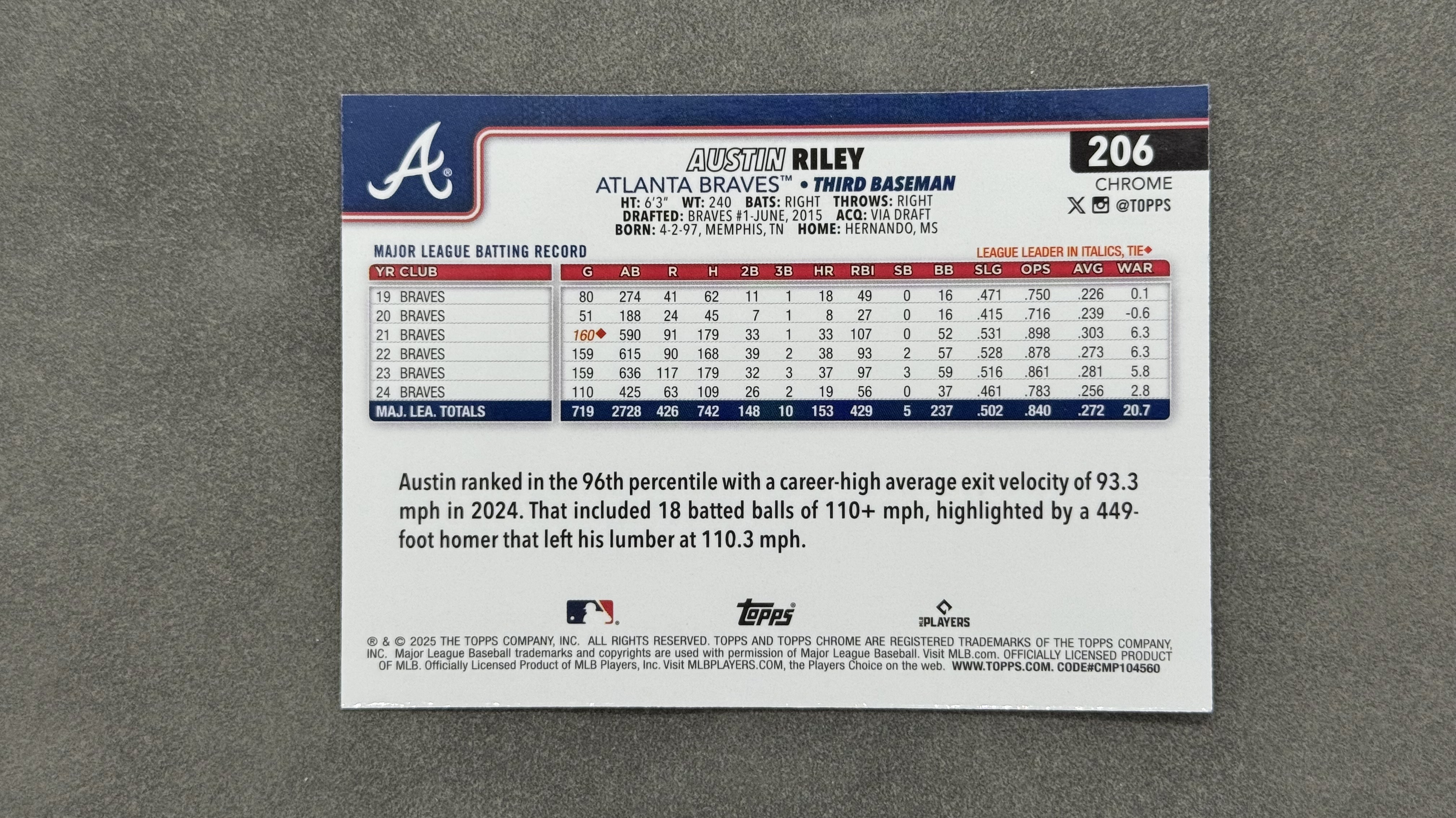 2025 Topps Chrome Austin Riley 勇士队 奥斯汀 莱利 银折 折射 SP变化版 选图好看 值得收藏#206
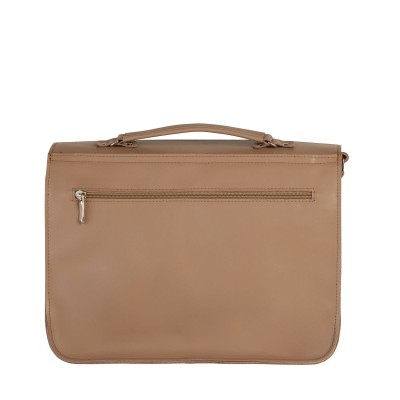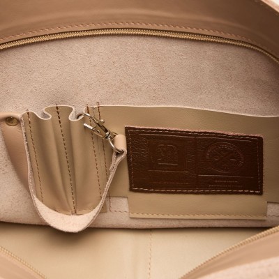 DALIA – Beige Vintage-Style Crossbody Bag Dalia is a refined women’s crossbody bag crafted from smooth, high-quality natural leather in a classic beige tone. Its soft color and vintage-inspired design make it the perfect accessory for everyday use—whether you’re heading to work, university, or a casual outing. The bag features a short leather handle for carrying by hand, as well as a long, adjustable strap that allows you to wear it comfortably over the shoulder or across the body. The main compartment, secured with a top zipper, is spacious enough to hold A4-sized documents. The interior is designed with functionality in mind and includes: a small slip pocket, a key leash, a pen holder. On the front, there’s a large exterior pocket, while the back features a zippered pocket—ideal for keeping your phone or wallet secure. The entire bag is additionally protected by a flap, which fastens with two vintage-style metal briefcase clasps mounted on buckle straps. Dimensions: 32 x 23.5 x 10 cm Thanks to its balanced proportions and thoughtful design, Dalia is an excellent choice for those who value both elegance and practicality. Perfect for work, school, university, or everyday wear, this beige bag brings timeless style to any outfit.
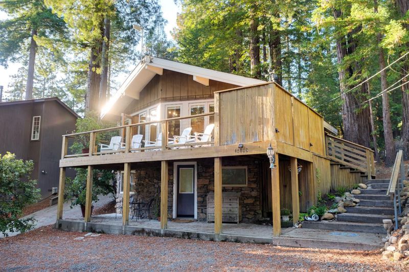 Your Beach House awaits! In a delightful coastal neighborhood, just above Anchor Bay Village, with deeded beach access to nearby Anchor Bay Beach. Walk to the local grocery store, Thai Restaurant, coffee shop or yoga studio, or continue down the path to the beach. Magical redwoods surround the home, which also gets good sun, even some space for gardening. Enjoy tranquil ocean views through the trees, and gorgeous sunsets every evening. In the living space...beautiful french doors frame the views at the living room and kitchen, opening out to the south facing front deck with a private hot tub, BBQ and outdoor seating. The remodeled kitchen features a beautiful island dining bar with Granite countertops, Oak cabinets and upgraded appliances. A propane fireplace keeps the living spaces warm and cozy, and there is also in-floor heating on the main level, added in 2019. The main living space features two main bedrooms and a full bath. A lower level guest room/studio, remodeled in 2014-2015, has a separate entrance, built-in Murphy bed, storage, tiled floors and a full bath with jetted tub/shower and stacked washer/dryer. New roof in 2013. This home is served by public water, sewer, propane, and high-speed internet. Located in the heart of the Banana Belt, this little neighborhood gets the best weather in town! Great for part-time, full-time or vacation rental. Sold furnished and ready to go for your coastal adventures!
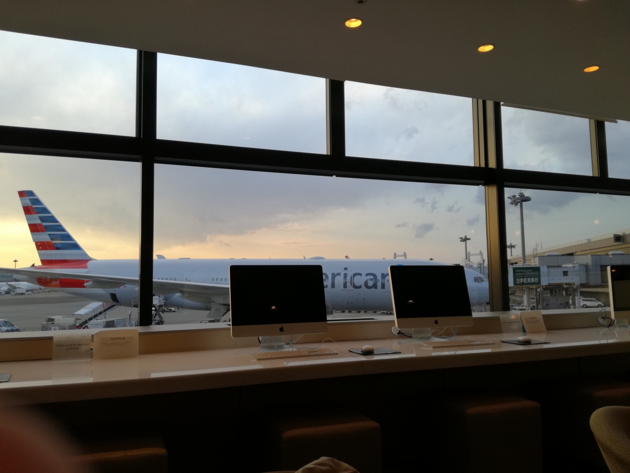 第二ターミナルのサテライトから出発で、しかもサクララウンジがあいにくお休み期間だったので、こちらを利用しました。フロアから1階下がった2階にあります。エスカレーターかエレベーターでどうぞ。おすしとかもあって、日本食にさよならできました。シャワーもあるようです。
┄┄┄┄┄┄┄┄┄┄
* **What this task involves**
The data above are to be repeated word for word, with any pictures left out.

* **Your solution**
 2025 Topps Chrome Austin Riley 勇士队 奥斯汀 莱利 银折 折射 SP变化版 选图好看 值得收藏#206
 DALIA – Beige Vintage-Style Crossbody Bag Dalia is a refined women’s crossbody bag crafted from smooth, high-quality natural leather in a classic beige tone. Its soft color and vintage-inspired design make it the perfect accessory for everyday use—whether you’re heading to work, university, or a casual outing. The bag features a short leather handle for carrying by hand, as well as a long, adjustable strap that allows you to wear it comfortably over the shoulder or across the body. The main compartment, secured with a top zipper, is spacious enough to hold A4-sized documents. The interior is designed with functionality in mind and includes: a small slip pocket, a key leash, a pen holder. On the front, there’s a large exterior pocket, while the back features a zippered pocket—ideal for keeping your phone or wallet secure. The entire bag is additionally protected by a flap, which fastens with two vintage-style metal briefcase clasps mounted on buckle straps. Dimensions: 32 x 23.5 x 10 cm Thanks to its balanced proportions and thoughtful design, Dalia is an excellent choice for those who value both elegance and practicality. Perfect for work, school, university, or everyday wear, this beige bag brings timeless style to any outfit.
 Your Beach House awaits! In a delightful coastal neighborhood, just above Anchor Bay Village, with deeded beach access to nearby Anchor Bay Beach. Walk to the local grocery store, Thai Restaurant, coffee shop or yoga studio, or continue down the path to the beach. Magical redwoods surround the home, which also gets good sun, even some space for gardening. Enjoy tranquil ocean views through the trees, and gorgeous sunsets every evening. In the living space...beautiful french doors frame the views at the living room and kitchen, opening out to the south facing front deck with a private hot tub, BBQ and outdoor seating. The remodeled kitchen features a beautiful island dining bar with Granite countertops, Oak cabinets and upgraded appliances. A propane fireplace keeps the living spaces warm and cozy, and there is also in-floor heating on the main level, added in 2019. The main living space features two main bedrooms and a full bath. A lower level guest room/studio, remodeled in 2014-2015, has a separate entrance, built-in Murphy bed, storage, tiled floors and a full bath with jetted tub/shower and stacked washer/dryer. New roof in 2013. This home is served by public water, sewer, propane, and high-speed internet. Located in the heart of the Banana Belt, this little neighborhood gets the best weather in town! Great for part-time, full-time or vacation rental. Sold furnished and ready to go for your coastal adventures!
 第二ターミナルのサテライトから出発で、しかもサクララウンジがあいにくお休み期間だったので、こちらを利用しました。フロアから1階下がった2階にあります。エスカレーターかエレベーターでどうぞ。おすしとかもあって、日本食にさよならできました。シャワーもあるようです。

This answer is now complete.